§ Activity: Your copy should contain exactly the lines from the one that holds "Оказа се , че" through the end of the material, reproduced as written, with no pictures.

§ Given information:
=== Begin Enclosure ===

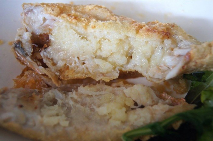 Lampara di mare con salsa agrodolce, dove la triglia è farcita con baccalà mantecato con olio profumato all’aglio e timo.
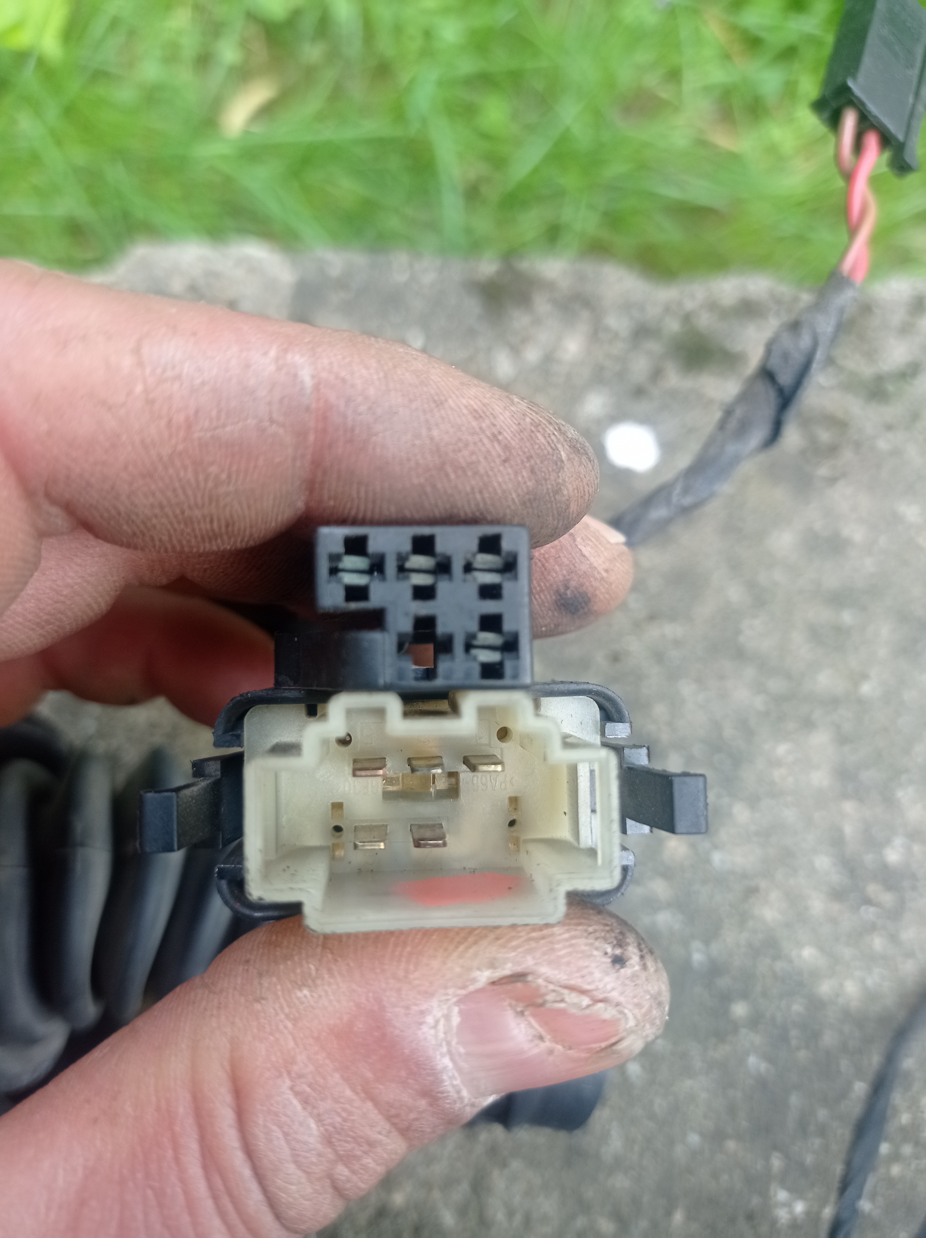 Оказа се , че след 2000г копчетата са различни. И старото копче при натискане прави пълно късо между един червен с жълта ивица кабел и един кафяв, които са разклонени в снопа от по-дебели кабели със същите цветове. Та даже и бушон не изгоря в колата. Щетите бяха само по кабелният сноп.
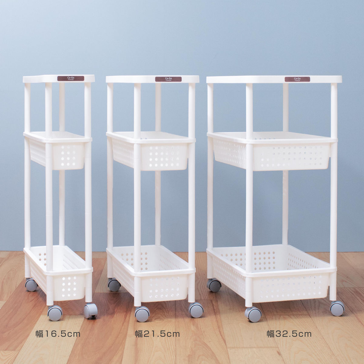 16.5/21.5/32.5cmの3つの幅のサイズがあり、それぞれ3段・4段タイプからお選びいただけます。設置スペースや用途に合わせて、ぴったりのサイズが見つかります。

=== End Enclosure ===

§ Written response:
 Оказа се , че след 2000г копчетата са различни. И старото копче при натискане прави пълно късо между един червен с жълта ивица кабел и един кафяв, които са разклонени в снопа от по-дебели кабели със същите цветове. Та даже и бушон не изгоря в колата. Щетите бяха само по кабелният сноп.
 16.5/21.5/32.5cmの3つの幅のサイズがあり、それぞれ3段・4段タイプからお選びいただけます。設置スペースや用途に合わせて、ぴったりのサイズが見つかります。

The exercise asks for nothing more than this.